Data items:

= Beginning of Section =

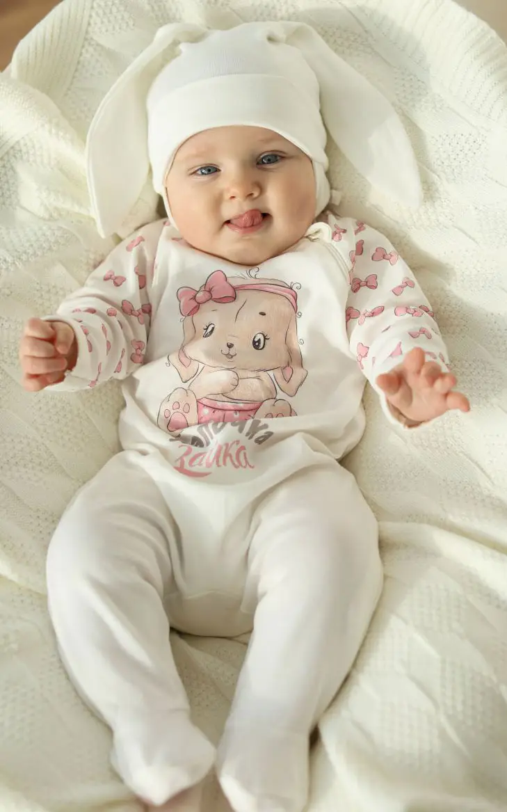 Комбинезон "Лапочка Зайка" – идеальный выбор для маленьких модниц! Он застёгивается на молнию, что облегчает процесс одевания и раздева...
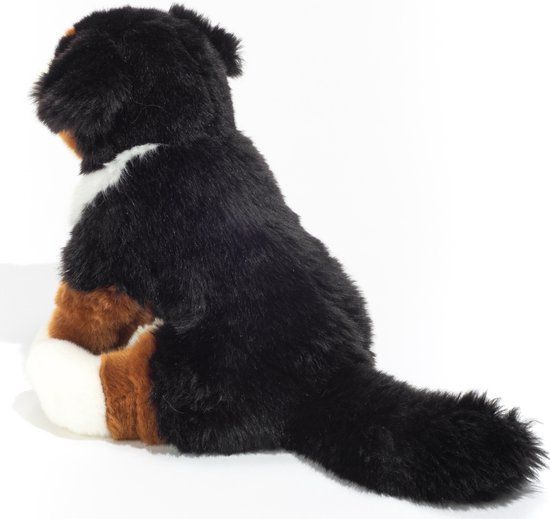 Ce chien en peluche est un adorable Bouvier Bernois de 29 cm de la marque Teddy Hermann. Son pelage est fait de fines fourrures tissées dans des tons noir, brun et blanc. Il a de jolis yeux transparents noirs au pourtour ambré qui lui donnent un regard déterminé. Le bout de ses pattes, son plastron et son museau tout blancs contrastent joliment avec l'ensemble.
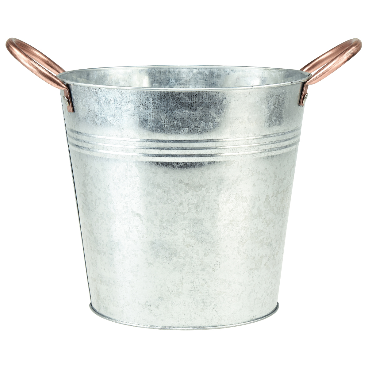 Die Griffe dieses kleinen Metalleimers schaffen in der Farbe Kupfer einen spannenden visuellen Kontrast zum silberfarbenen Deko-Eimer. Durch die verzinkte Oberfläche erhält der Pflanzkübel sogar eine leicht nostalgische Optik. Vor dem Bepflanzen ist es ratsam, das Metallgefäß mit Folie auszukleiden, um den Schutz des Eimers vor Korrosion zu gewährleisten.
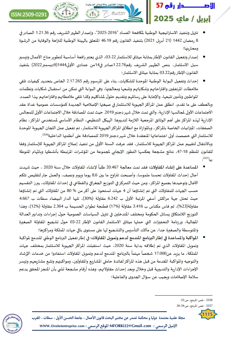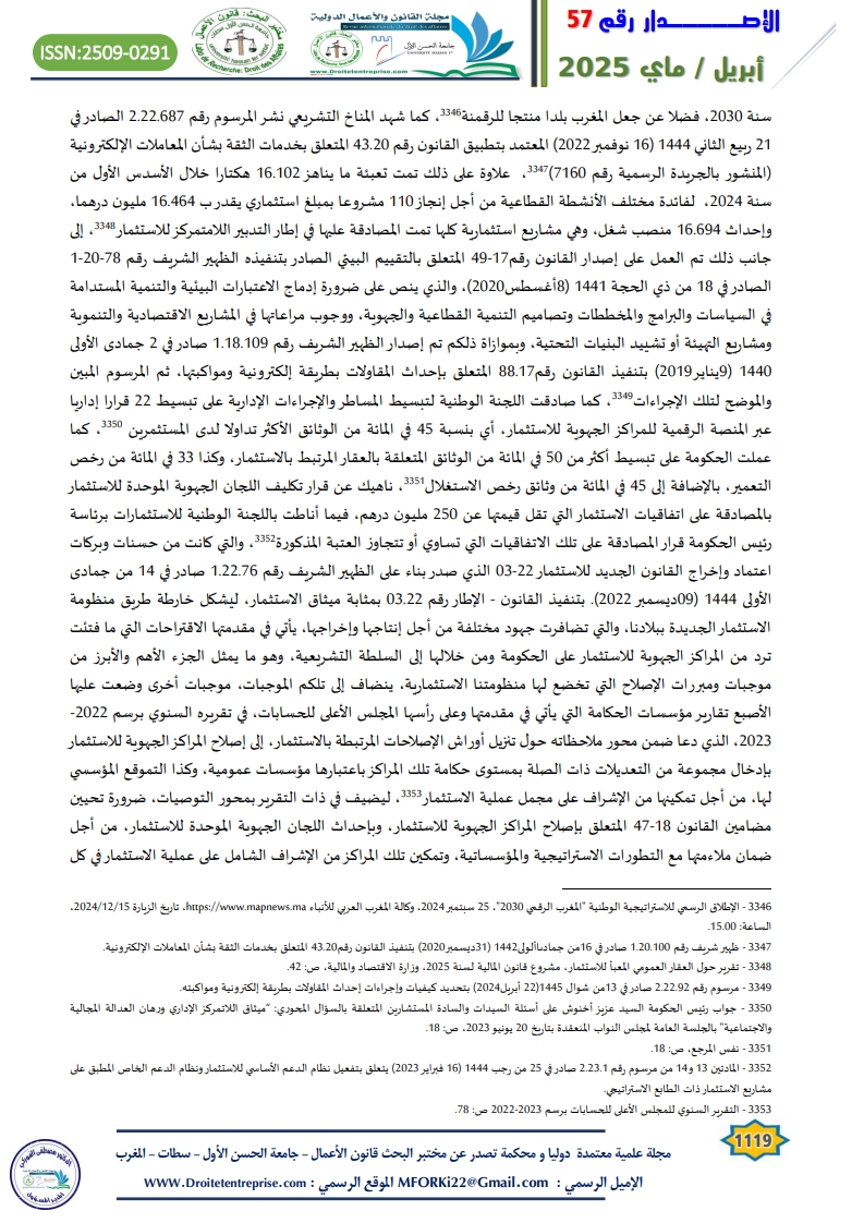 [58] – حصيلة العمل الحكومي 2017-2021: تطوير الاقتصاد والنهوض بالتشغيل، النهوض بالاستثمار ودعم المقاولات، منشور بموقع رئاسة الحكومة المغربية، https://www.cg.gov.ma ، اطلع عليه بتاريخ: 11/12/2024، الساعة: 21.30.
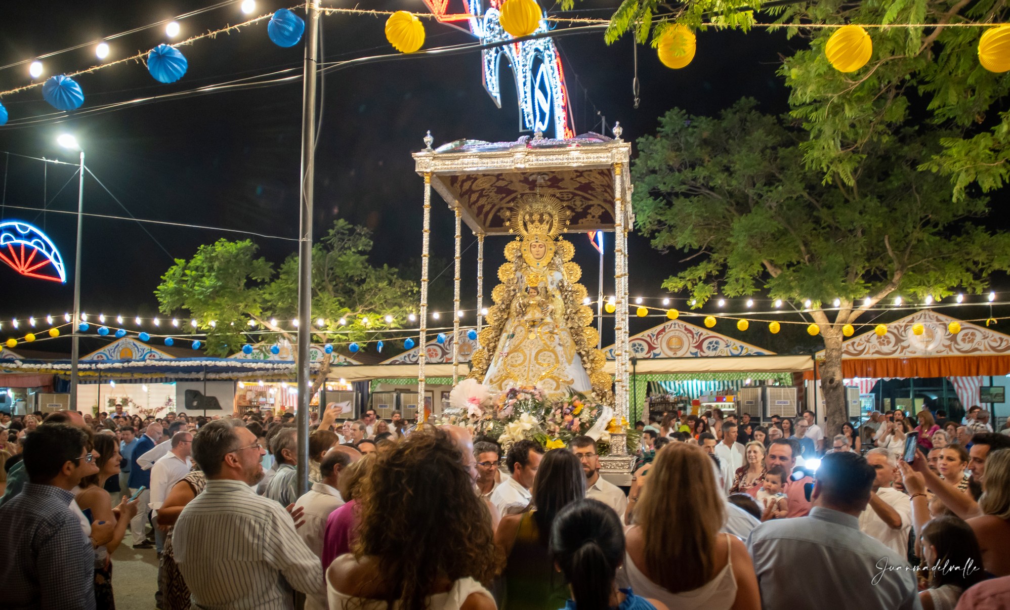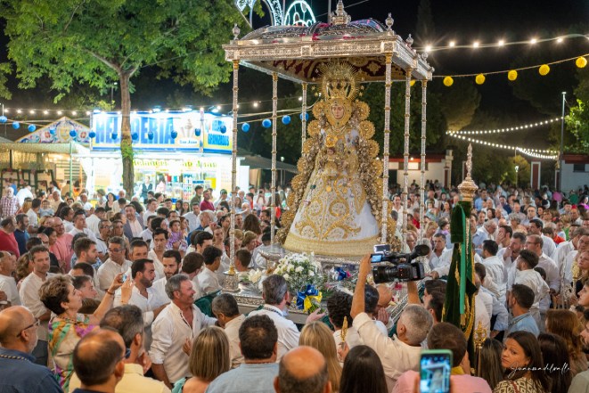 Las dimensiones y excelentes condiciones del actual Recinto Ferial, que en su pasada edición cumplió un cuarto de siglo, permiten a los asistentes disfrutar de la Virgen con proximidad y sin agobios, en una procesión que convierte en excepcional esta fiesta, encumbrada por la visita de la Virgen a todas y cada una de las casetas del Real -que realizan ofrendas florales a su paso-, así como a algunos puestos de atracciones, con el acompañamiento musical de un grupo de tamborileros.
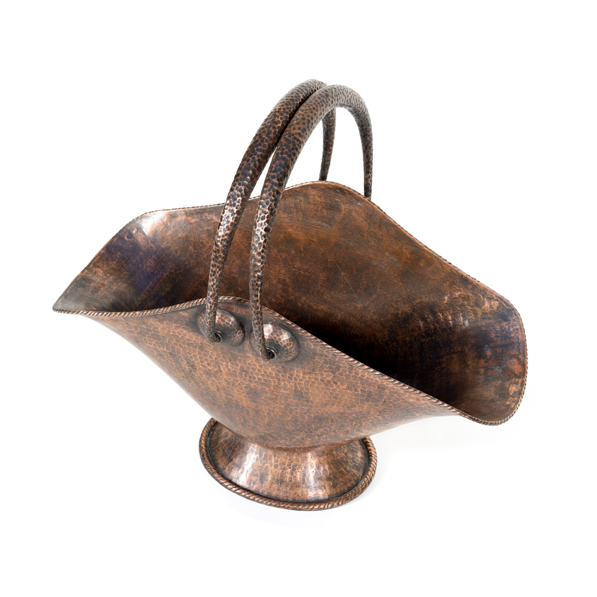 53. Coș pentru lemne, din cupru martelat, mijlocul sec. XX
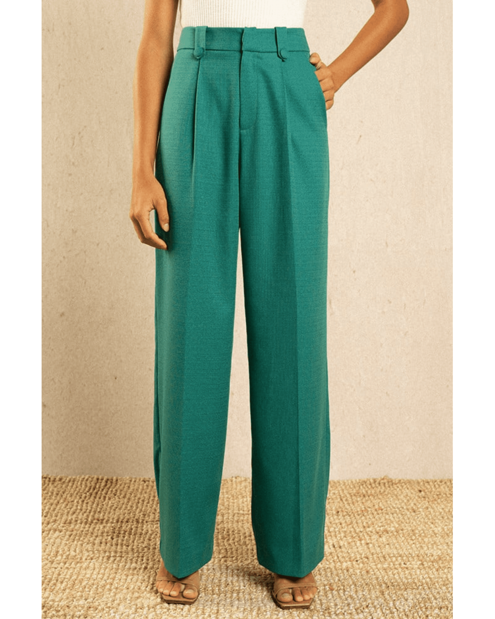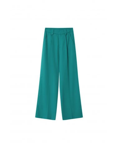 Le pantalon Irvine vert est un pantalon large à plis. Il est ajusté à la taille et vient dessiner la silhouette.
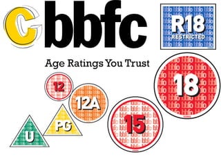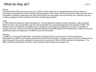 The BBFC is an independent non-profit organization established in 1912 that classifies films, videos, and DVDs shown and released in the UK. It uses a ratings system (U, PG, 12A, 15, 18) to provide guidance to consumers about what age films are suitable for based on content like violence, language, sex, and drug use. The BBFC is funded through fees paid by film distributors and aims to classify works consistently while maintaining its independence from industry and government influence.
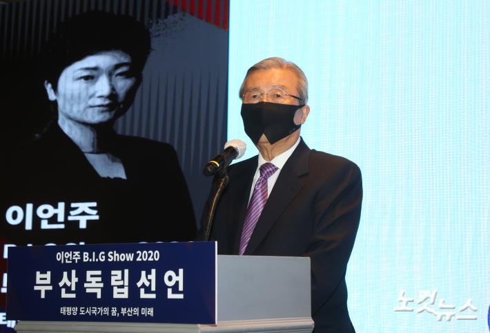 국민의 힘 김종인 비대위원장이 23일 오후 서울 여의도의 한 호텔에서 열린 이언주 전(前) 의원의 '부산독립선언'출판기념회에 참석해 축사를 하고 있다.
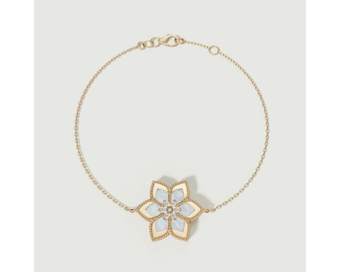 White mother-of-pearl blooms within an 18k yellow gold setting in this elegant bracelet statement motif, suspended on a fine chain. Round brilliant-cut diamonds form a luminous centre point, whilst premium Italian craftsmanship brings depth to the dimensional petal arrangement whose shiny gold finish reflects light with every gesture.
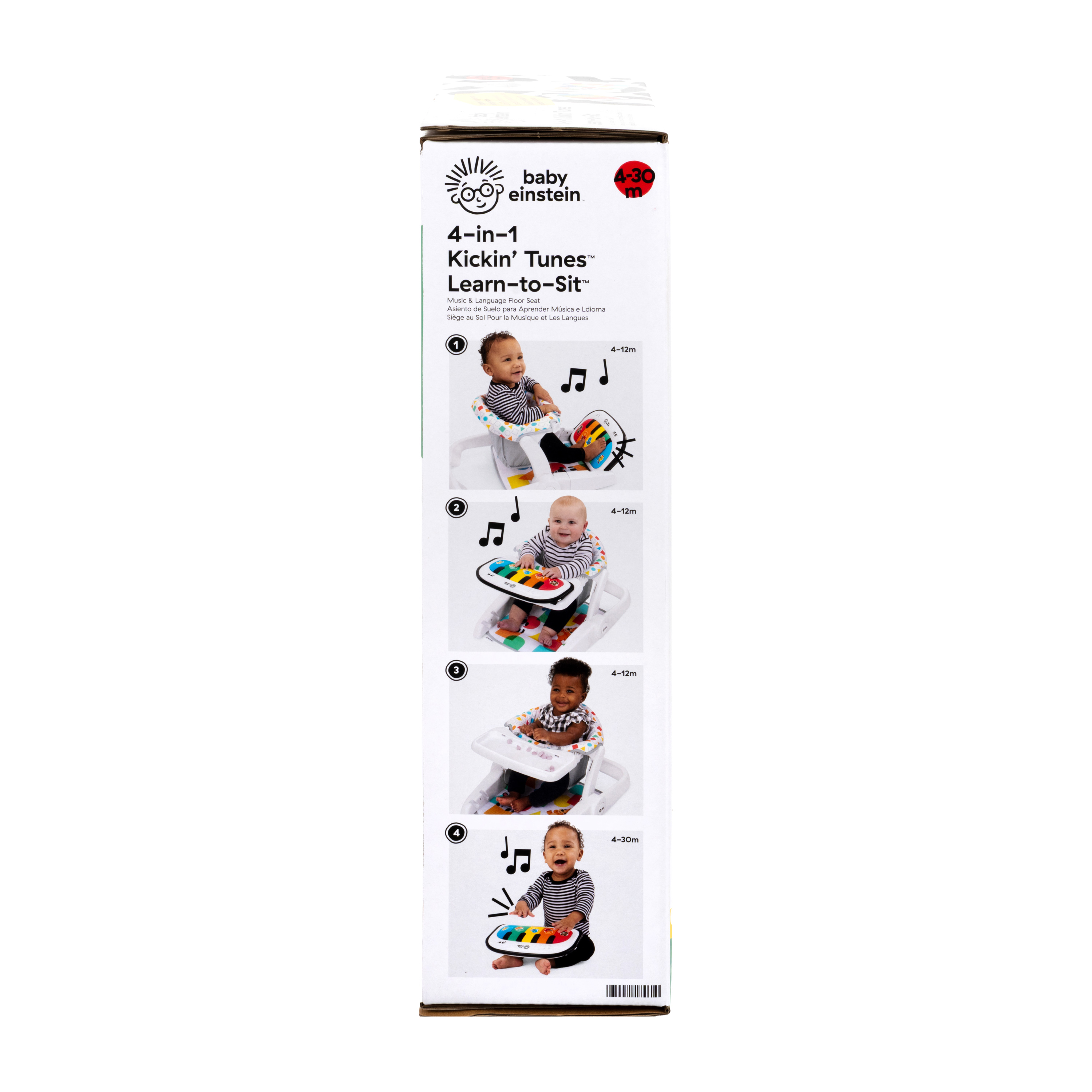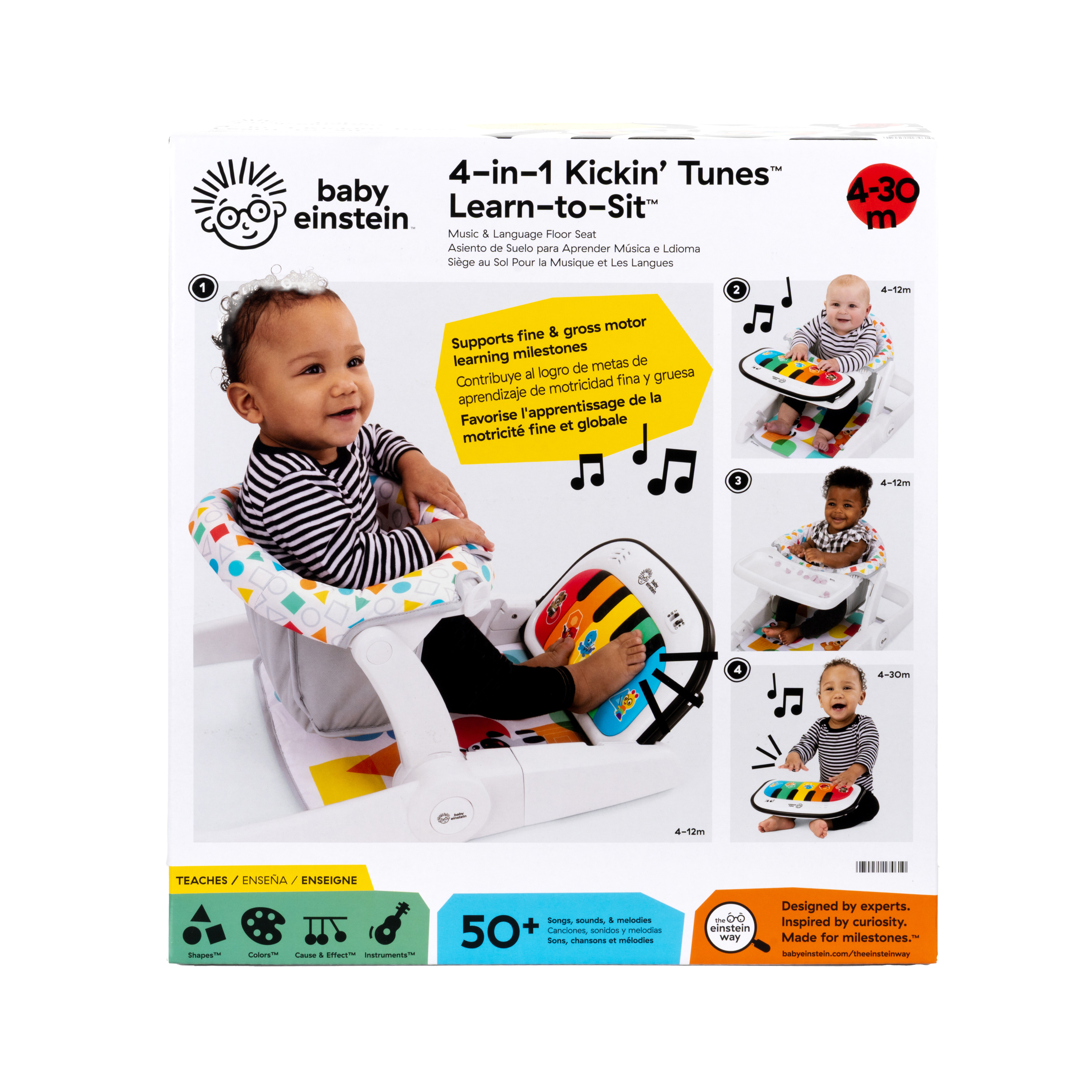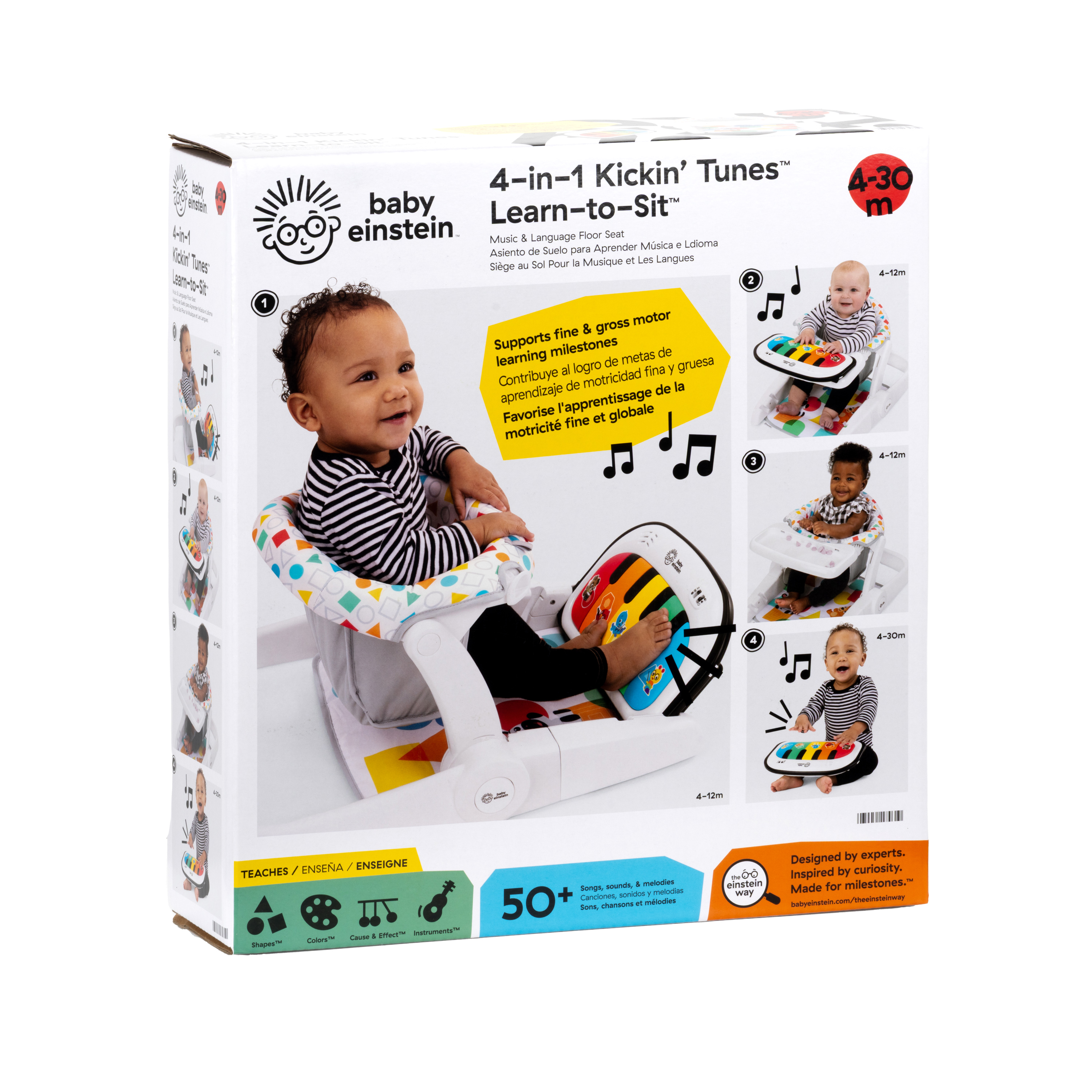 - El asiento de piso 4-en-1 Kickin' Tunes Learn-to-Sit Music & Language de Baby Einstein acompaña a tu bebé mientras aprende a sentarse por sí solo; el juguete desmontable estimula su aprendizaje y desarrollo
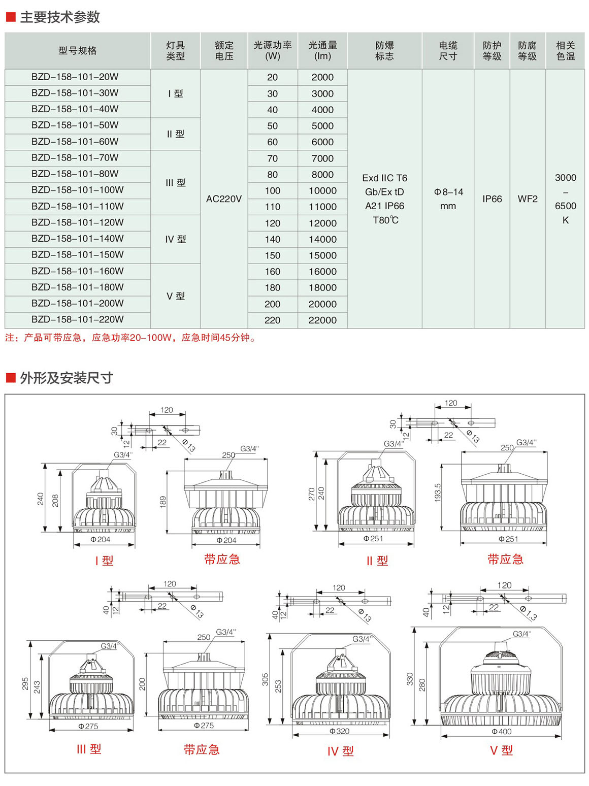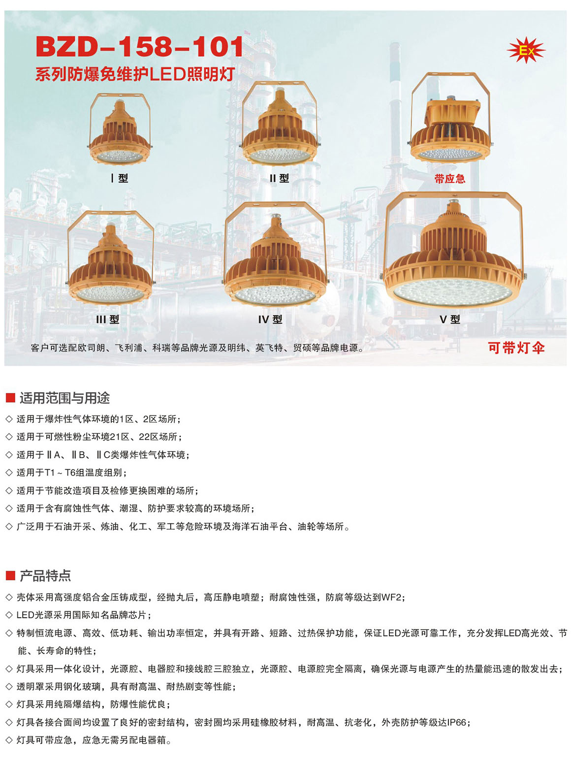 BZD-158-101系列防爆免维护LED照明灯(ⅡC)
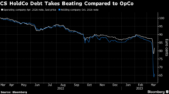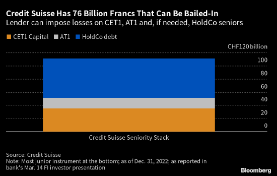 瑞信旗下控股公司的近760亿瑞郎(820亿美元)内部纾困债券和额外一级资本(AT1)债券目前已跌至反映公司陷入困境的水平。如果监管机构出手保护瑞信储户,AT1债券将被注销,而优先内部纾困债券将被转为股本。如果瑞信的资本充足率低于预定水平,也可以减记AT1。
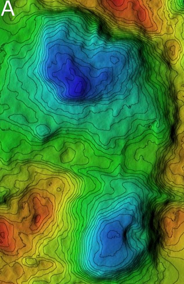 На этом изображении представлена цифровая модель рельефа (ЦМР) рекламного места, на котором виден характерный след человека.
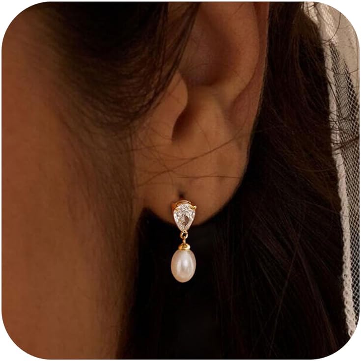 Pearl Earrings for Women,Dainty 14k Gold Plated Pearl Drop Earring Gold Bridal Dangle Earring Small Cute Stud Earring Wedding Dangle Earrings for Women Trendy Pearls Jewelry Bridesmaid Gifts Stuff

= End of Section =

▶ [Task brief]:
Take the entries above and copy exactly the lines starting at the one with "Las dimensiones y" and ending at the one with "The BBFC is an"; nothing outside that span, and no pictures.

▶ [Solution to the problem]:
 Las dimensiones y excelentes condiciones del actual Recinto Ferial, que en su pasada edición cumplió un cuarto de siglo, permiten a los asistentes disfrutar de la Virgen con proximidad y sin agobios, en una procesión que convierte en excepcional esta fiesta, encumbrada por la visita de la Virgen a todas y cada una de las casetas del Real -que realizan ofrendas florales a su paso-, así como a algunos puestos de atracciones, con el acompañamiento musical de un grupo de tamborileros.
 53. Coș pentru lemne, din cupru martelat, mijlocul sec. XX
 Le pantalon Irvine vert est un pantalon large à plis. Il est ajusté à la taille et vient dessiner la silhouette.
 The BBFC is an independent non-profit organization established in 1912 that classifies films, videos, and DVDs shown and released in the UK. It uses a ratings system (U, PG, 12A, 15, 18) to provide guidance to consumers about what age films are suitable for based on content like violence, language, sex, and drug use. The BBFC is funded through fees paid by film distributors and aims to classify works consistently while maintaining its independence from industry and government influence.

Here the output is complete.